**Work to complete:** Once you find the line with "Son motif animalier" in the data below, transcribe exactly each line from there to the line with "德比尔斯 2025新款泡泡牛奶绒四件套 格瑞", inclusive, and nothing else. Drop the pictures.

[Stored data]
==============================

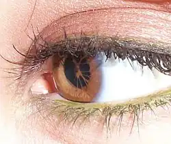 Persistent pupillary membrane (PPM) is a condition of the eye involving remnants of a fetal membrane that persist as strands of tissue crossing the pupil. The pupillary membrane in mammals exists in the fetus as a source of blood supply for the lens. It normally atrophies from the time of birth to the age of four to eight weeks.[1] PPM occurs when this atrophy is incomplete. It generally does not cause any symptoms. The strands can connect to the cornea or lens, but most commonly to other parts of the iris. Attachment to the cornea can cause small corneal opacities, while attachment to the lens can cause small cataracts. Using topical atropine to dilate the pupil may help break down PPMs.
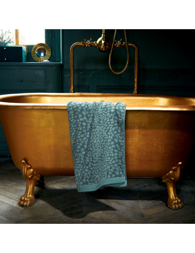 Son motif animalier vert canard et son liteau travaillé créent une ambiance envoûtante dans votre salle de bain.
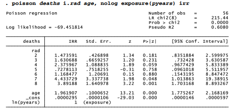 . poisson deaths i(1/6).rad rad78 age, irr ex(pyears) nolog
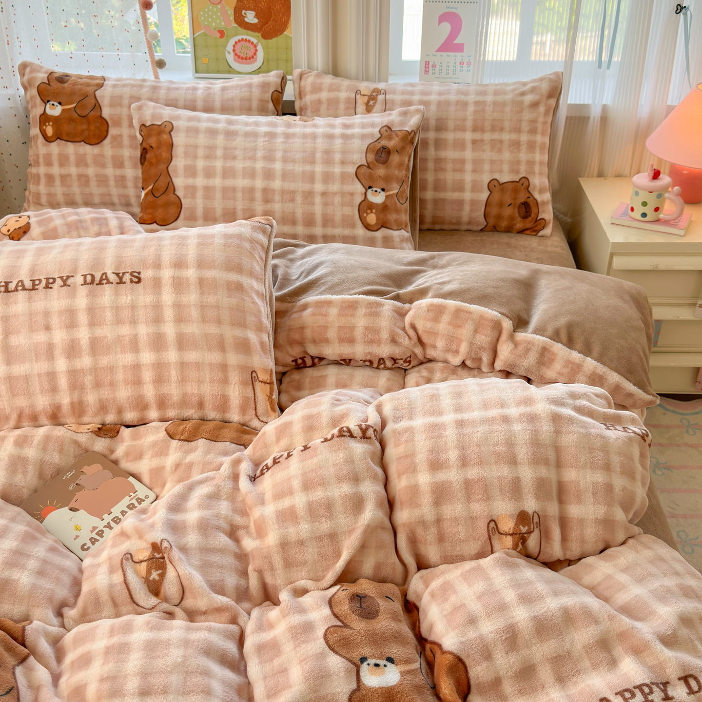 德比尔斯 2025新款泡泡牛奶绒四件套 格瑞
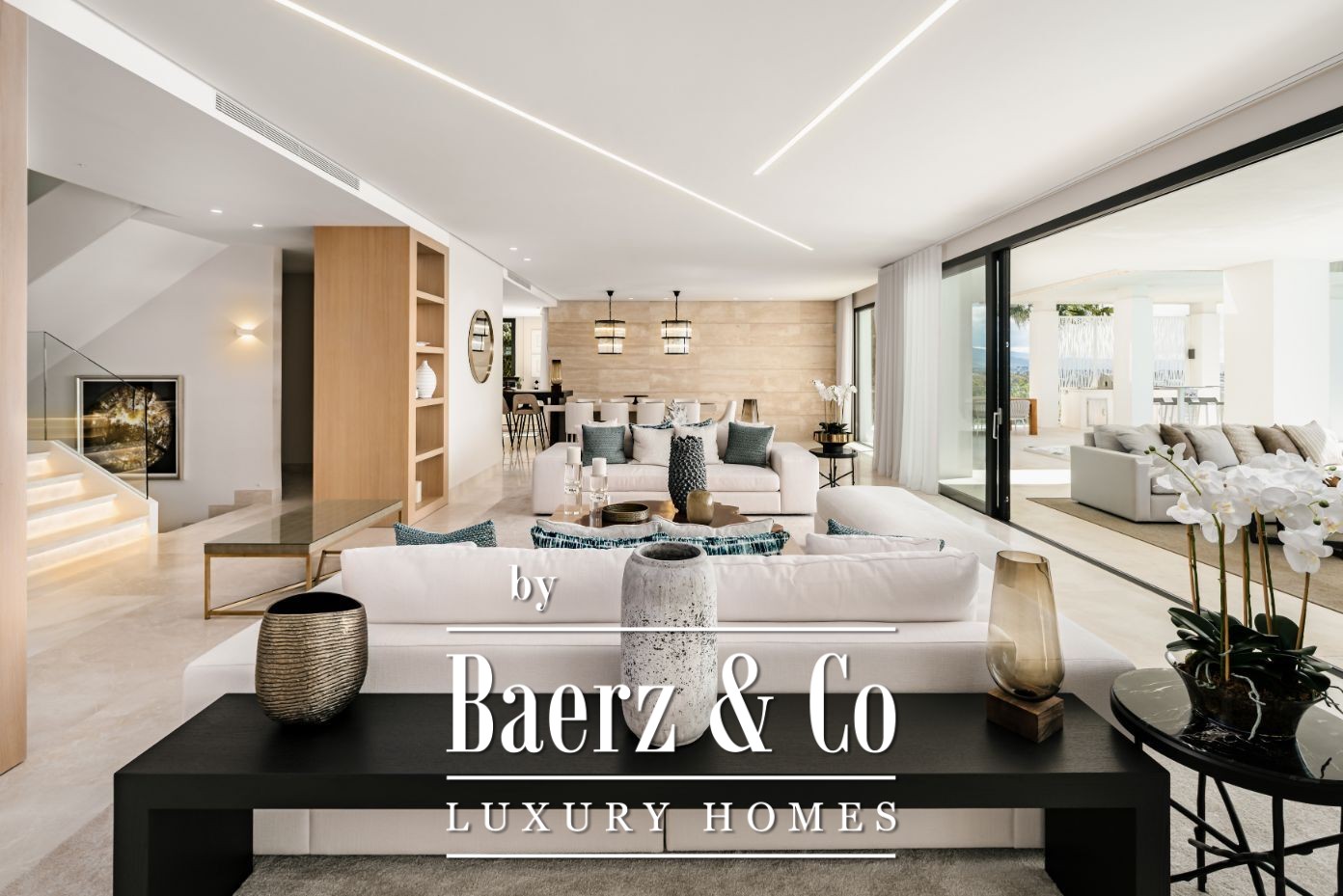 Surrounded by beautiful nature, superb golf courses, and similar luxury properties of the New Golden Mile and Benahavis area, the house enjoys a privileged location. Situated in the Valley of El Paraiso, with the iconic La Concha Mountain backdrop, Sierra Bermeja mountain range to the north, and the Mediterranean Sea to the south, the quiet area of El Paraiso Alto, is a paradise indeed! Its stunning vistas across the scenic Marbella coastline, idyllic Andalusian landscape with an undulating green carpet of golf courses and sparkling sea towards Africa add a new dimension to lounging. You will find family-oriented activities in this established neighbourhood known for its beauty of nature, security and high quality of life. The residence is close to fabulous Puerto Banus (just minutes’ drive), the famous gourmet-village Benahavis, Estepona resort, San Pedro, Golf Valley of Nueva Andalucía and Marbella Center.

==============================

**Response to this task:**
 Son motif animalier vert canard et son liteau travaillé créent une ambiance envoûtante dans votre salle de bain.
 . poisson deaths i(1/6).rad rad78 age, irr ex(pyears) nolog
 德比尔斯 2025新款泡泡牛奶绒四件套 格瑞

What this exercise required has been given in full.